Is it worth reducing the number of parameters in GLSL function calls?

The GLSL 4.5 specification states that all in parameters of a GLSL function call will be passed by value, i.e., they will be copied at call time. Now, this does not have the same implications as for host code, but in general, unnecessary copies are a performance drag.

There are dozens of discussions about this topic, which most often end with the argument “the compiler will probably optimize this anyway”. However, this claim or assumption is never backed by any hard data or inside knowledge. Could you please provide some insight to what extent this is actually the case?

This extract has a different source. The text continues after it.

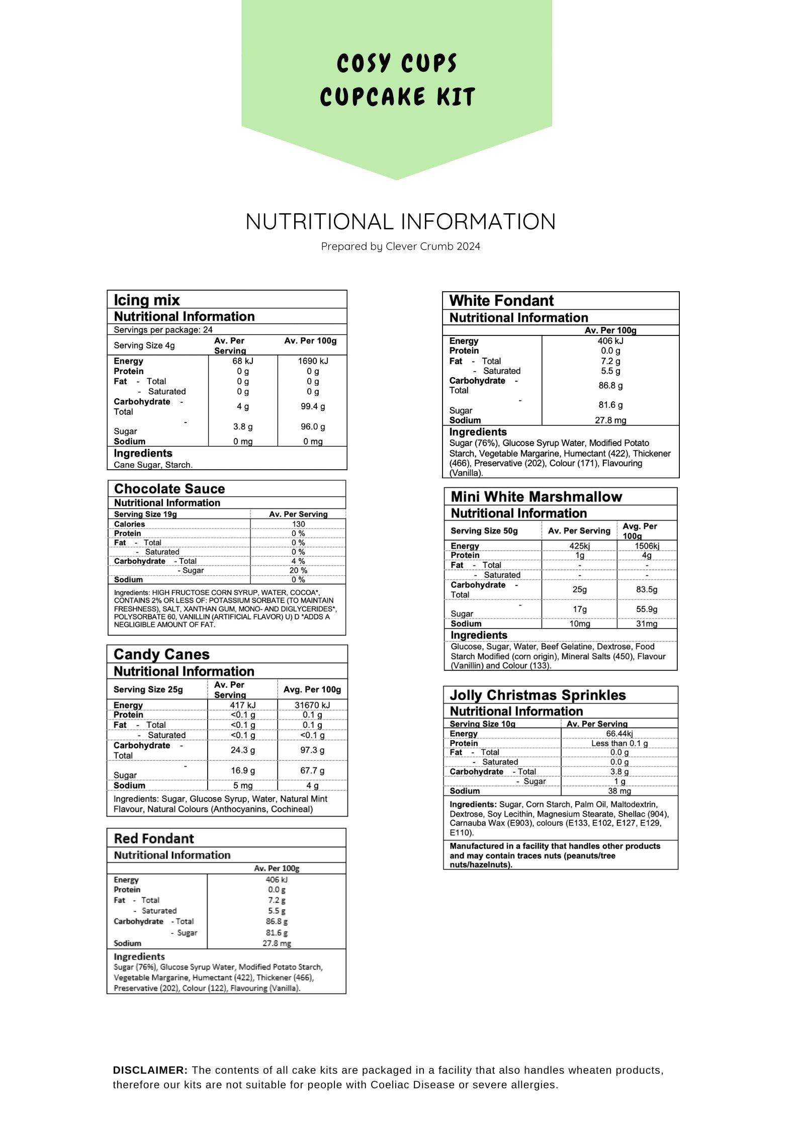 Refer to the nutritional information of this cake kit below. Ingredients are subject to change where required.

I want to highlight my current use case. In our visualization software, we implemented a new heightfield sampler which is quite complex. The actual sample function calls a lot of other functions for position clamping, index conversions, validity checks, data fetches, interpolation, … All of these functions somehow depend on a specific heightfield, so the code looks like this:

struct AdaptiveGrid
{
	bool mIsCompact;
	bool mHasValidArray;
	vec2 mOrigin;
	vec2 mUpper;
	vec2 mLevel0CellSize;
	ivec2 mLevel0Dimensions;
	index_t mDataSize;
	index_t mNumNodes;
	index_t mNumCells;
	index_t mNumPositions;
	vec2 mMaxExtrapolationDistances;

	restrict readonly vec8Idx* mInterpolationPatchIndices;
	restrict readonly vec4Idx* mInterpolationPatches;
	restrict readonly vec4Idx* mChildIndices;
	restrict readonly index_t* mNodeToCellIndices;
	restrict readonly index_t* mCellToDataIndices;
	restrict readonly vec4* mNodePositions;
	restrict readonly uint8_t* mValidArray;
};

index_t convertCellToDataIndex(AdaptiveGrid grid, index_t cellIndex)
{
	...
}

index_t convertNodeToCellIndex(AdaptiveGrid grid, index_t nodeIndex)
{
	...
}

vec4Idx getInterpolationPatch(AdaptiveGrid grid, index_t nodeIndex, vec2 samplePosition)
{
	index_t cellIndex = convertNodeToCellIndex(grid, nodeIndex);

	...
}

bool fetchValueOfCell(AdaptiveGrid grid, restrict readonly float* field, index_t cellIndex, out float value)
{
	index_t dataIndex = convertCellToDataIndex(grid, cellIndex);

	...
}

bool sample(AdaptiveGrid grid, restrict readonly float* field, vec2 position, out float value)
{
	vec2 clampedPosition = clampPosition(grid, position);
	index_t nodeIndex = getNodeIndex(grid, clampedPosition);
	vec4Idx interpolationPatch = getInterpolationPatch(grid, nodeIndex, clampedPosition);

	if (...)
	{
		return fetchValueOfCell(grid, field, convertNodeToCellIndex(grid, nodeIndex), value);
	}

	for (int vertexIndex = 0; vertexIndex < 4; vertexIndex++)
	{
		index_t currentCellIndex = convertNodeToCellIndex(grid, currentNodeIndex);

		if (fetchValueOfCell(grid, field, currentCellIndex, currentValue))
		{
			...
		}
	}

	...
}

As you can see, there are a lot of helper functions that depend on members of an AdaptiveGrid struct, of which there exist several at runtime. As the code is written and the function calling convention is specified, the grid struct would be passed down to each of these helper function calls and copied in vain. I assume there would be around one hundred copies of this struct for each sample call.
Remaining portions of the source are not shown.